The opening volume of Riad Sattouf’s childhood memoirs related how his family moved between France, Libya and his father’s homeland of Syria during the first six years of his life. This picks up with the family settled in Syria and even his mother’s entreaties are unable to prevent his attendance at school.

Given Sattouf’s prodigious memory, the detail about the first year of his Syrian education is vast, and anyone who went to a British religious school before the 1980s will squirm uncomfortably as the sadism of Riad’s teacher prompts unwelcome memories. What British children didn’t experience was the additional overt bigotry. In keeping with state policy, Jews are considered the enemy, and Sattouf’s long blonde hair marks him out for attention and the constant need to deny he’s Jewish.

A great strength of the opening volume was its cataloguing of Abdul-Razak Sattouf’s eccentricities. Sattouf’s father was an educated man who claimed to have abandoned religion, yet reverted to old ways, view and superstitions when back in his homeland. Coupled with an astonishing capacity for denying reality, The Arab of the Future 1 presented some jaw-dropping sequences. Here he’s portrayed as altogether more understanding and pragmatic, at times even sensible, although still capable of mindless bluster. While easily blinded by anyone with money or stature, there’s only the occasional lapse, such as considering that female soldiers forced to eat live snakes in front of Syria’s dictator to be an admirable lack of fear. Sattouf also makes more of his mother’s frustrations, as she’s more likely to make her feelings known. She’s still a weaker character, however, for being one-dimensional. There’s never any sense that she actually loves her husband, and is constantly frustrated by him.
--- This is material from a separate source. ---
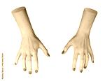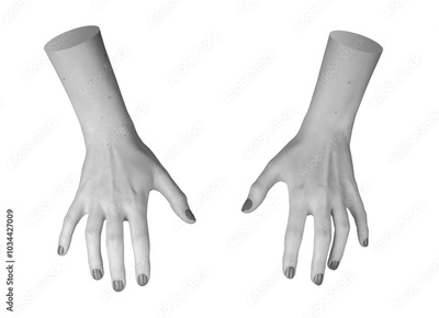 Hand gesture with fingers outstretched, symbolizing virtual interaction and reaching into invisible space. Closeup of female hands in an abstract pose, capturing movement and

There’s a precision to Sattouf’s cartooning and a wonderful sense of character. He’s gifted at capturing a personality with very few lines, whether it be an assortment of unfortunate children or the smug arrogance of generals. As previously, he uses a single colour to identify location, red for Syria and blue for scenes occurring in France for an effective separation.

While the location will be exotic for most English language readers, in general Sattouf’s school experience will have a familiarity, if not in the details, then the general atmosphere, and as they occupy the first third of the book there isn’t such a great sense of visiting another world. That’s provided by the contrast between life in the family village outside Homs and its deprivation, and a visit back to France and the enormous Euromarché superstore. The book’s strongest moment comes when honour killing raises its head. Although not sensationalised, it’s an upsetting sequence, foreshadowed earlier in the book, and cleverly related in ambiguous fashion. We’re left uncertain whether Riad’s father has compromised his feelings in favour of an easy life. It’s the point at which the time Sattouf’s spent explaining his father’s inconsistencies really hits home, enabling the doubt, and all his father’s earlier talk about what the Arab of the future must be is extremely hollow.

By any other standards this is an immensely readable personal recollection, but it drops marginally behind the opening volume because there are fewer absolutely shocking moments.